To do> Your task is to transcribe all of the data below exactly, omitting the images.

Data below>
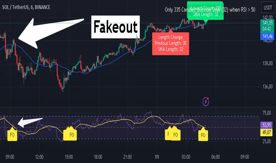 The RSI Fakeout Detection focuses on one key goal: avoiding false signals. By monitoring when the RSI exceeds a customizable threshold (indicating strength) but the price remains below a moving average like the SMA, this indicator highlights situations where the market may seem strong, but the price action doesn't support that momentum. In other words, it saves you from those tricky fake breakouts.
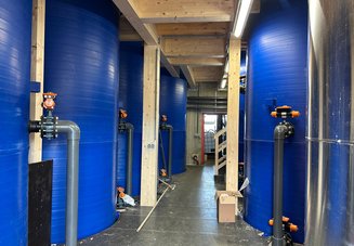 Die neue Anlage wurde in einem bestehenden Raum mit einer Grundfläche von ca. 90 m² errichtet. Der Raum ist als dichte Betonwanne ausgeführt -wie eine riesige Badewanne. 75 % dieser Fläche werden von 11 Stück freistehenden Behandlungs- und Lagerbehältern in Anspruch genommen. Insgesamt wurde ein Nutzvolumen von 260 m³ geschaffen.
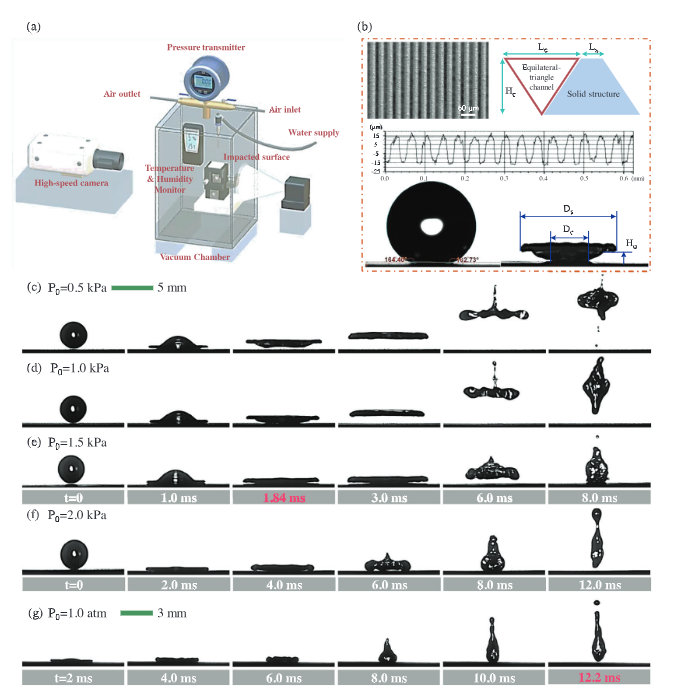 近日,公司文东升教授团队,在极端环境下超疏水表面基础研究方面取得重要研究进展。团队基于自主设计搭建的低压实验系统,研究发现在室温、近真空(环境压力3 kPa以下)环境条件下,液滴撞击超疏水表面时会发生极快的饼状弹跳现象,液滴与表面的接触时间能够大幅降低85%,达到目前已知最高水平。2024年3月18日,相关研究成果以《Low-pressure Pancake Bouncing on Superhydrophobic Surfaces》为题在线发表于国际知名学术期刊《Small》杂志,并被选为编辑推荐(Editor’ Choice)。

Response to the task>
 The RSI Fakeout Detection focuses on one key goal: avoiding false signals. By monitoring when the RSI exceeds a customizable threshold (indicating strength) but the price remains below a moving average like the SMA, this indicator highlights situations where the market may seem strong, but the price action doesn't support that momentum. In other words, it saves you from those tricky fake breakouts.
 Die neue Anlage wurde in einem bestehenden Raum mit einer Grundfläche von ca. 90 m² errichtet. Der Raum ist als dichte Betonwanne ausgeführt -wie eine riesige Badewanne. 75 % dieser Fläche werden von 11 Stück freistehenden Behandlungs- und Lagerbehältern in Anspruch genommen. Insgesamt wurde ein Nutzvolumen von 260 m³ geschaffen.
 近日,公司文东升教授团队,在极端环境下超疏水表面基础研究方面取得重要研究进展。团队基于自主设计搭建的低压实验系统,研究发现在室温、近真空(环境压力3 kPa以下)环境条件下,液滴撞击超疏水表面时会发生极快的饼状弹跳现象,液滴与表面的接触时间能够大幅降低85%,达到目前已知最高水平。2024年3月18日,相关研究成果以《Low-pressure Pancake Bouncing on Superhydrophobic Surfaces》为题在线发表于国际知名学术期刊《Small》杂志,并被选为编辑推荐(Editor’ Choice)。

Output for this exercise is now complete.